Hi Jan, On 01.12.21 17:31, Jan Kasprzak wrote:
In "ceph -s", they "2 osds down" message disappears, and the number of degraded objects steadily decreases. However, after some time the number of degraded objects starts going up and down again, and osds appear to be down (and then up again).

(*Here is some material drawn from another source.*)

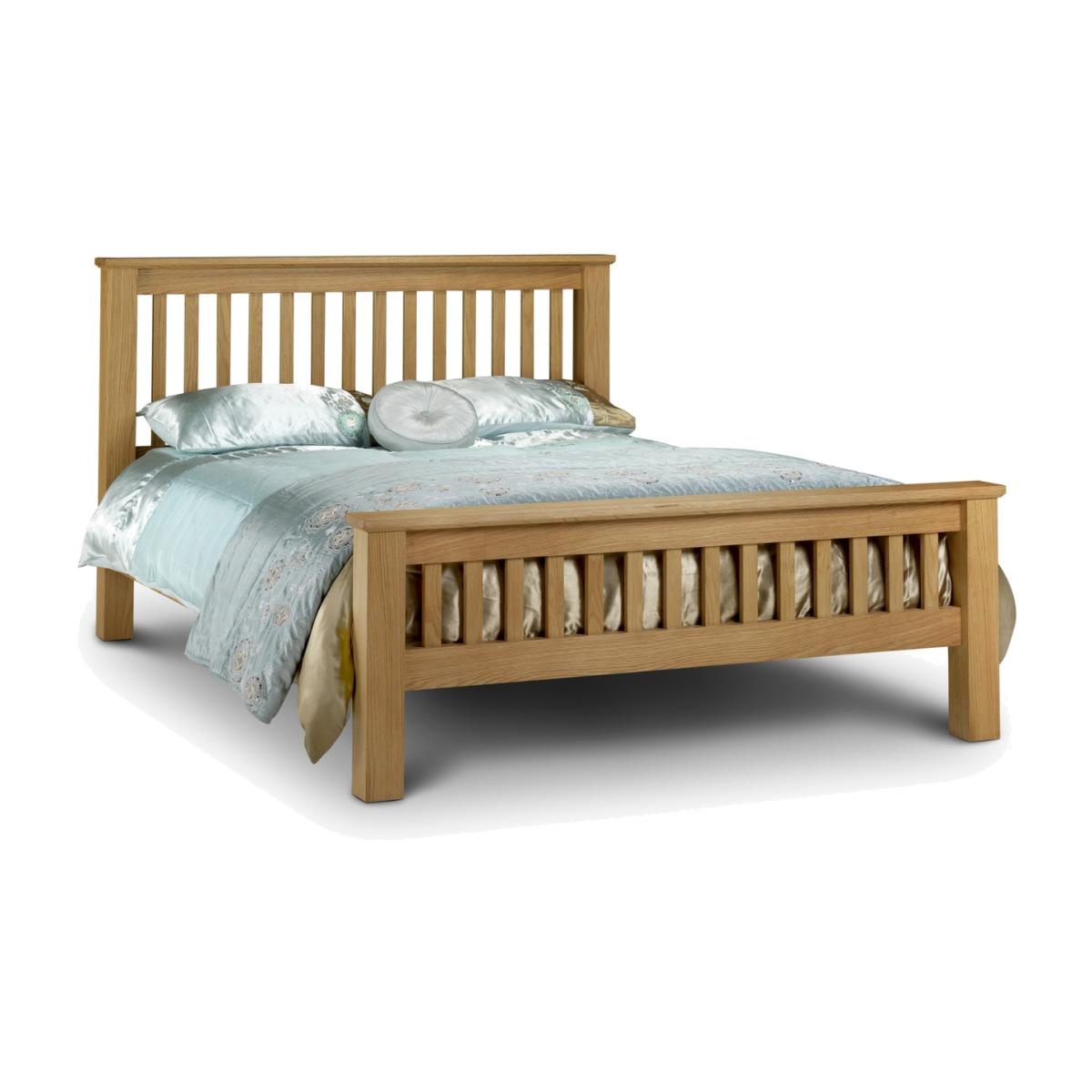 Relax after a long day upon this Julian Bowen Amsterdam Oak Bed Frame. Crafted from solid oak with oak veneer, it offers traditional allure through the slatted headboard and footboard. Standing a little off the ground, you can easily store your bedding, shoes, and more in boxes underneath. This bed will add a countryside feel to the room with its simple and rural style and would fit well with classic interior design aesthetics, making it a must-have for any chic home.
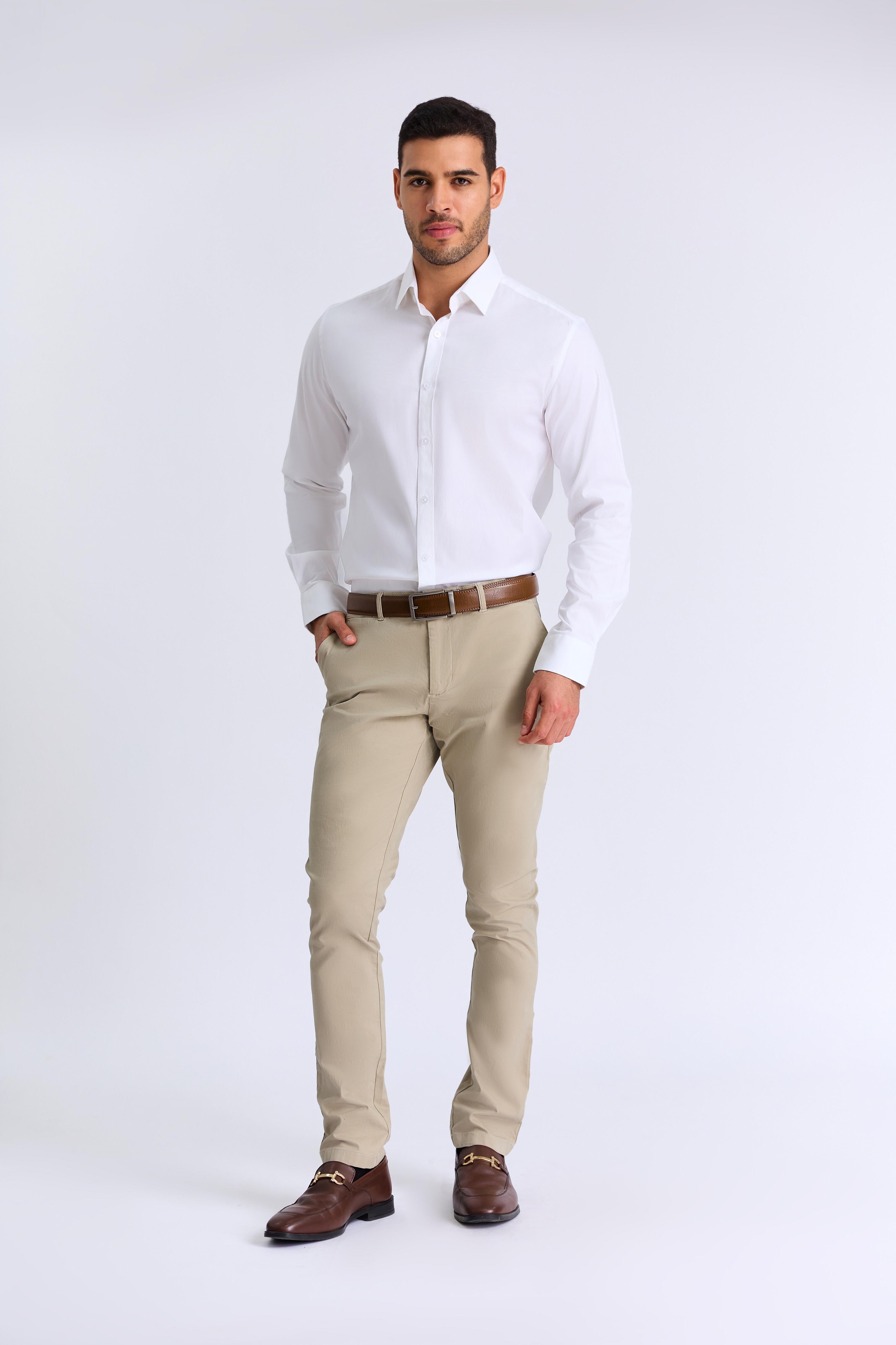 This formal slim-fit shirt delivers a refined balance of sophistication and everyday versatility. Tailored from a lightweight woven fabric with a smooth, breathable texture, it offers a polished appearance that transitions seamlessly from office meetings to evening occasions. The shirt features a structured collar, and clean cuffs that enhance its crisp silhouette. Designed for a modern fit that contours naturally to the body, it ensures all-day comfort and effortless elegance when paired with formal trousers or chinos.

After 5 minutes the OSDs are kicked out from the cluster, and the ceph-osd daemons stop Dec 01 17:18:07 my.osd.host ceph-osd[3818]: 2021-12-01T17:18:07.626+0100 7f8c38e02700 -1 received signal: Interrupt from Kernel ( Could be generated by pthread_kill(), raise(), abort(), alarm() ) UID: 0 Dec 01 17:18:07 my.osd.host ceph-osd[3818]: 2021-12-01T17:18:07.626+0100 7f8c38e02700 -1 osd.32 1119559 *** Got signal Interrupt *** Dec 01 17:18:07 my.osd.host ceph-osd[3818]: 2021-12-01T17:18:07.626+0100 7f8c38e02700 -1 osd.32 1119559 *** Immediate shutdown (osd_fast_shutdown=true) ***
Do you have enough memory on your host? You might want to look for oom messages in dmesg / journal and monitor your memory usage throughout the recovery.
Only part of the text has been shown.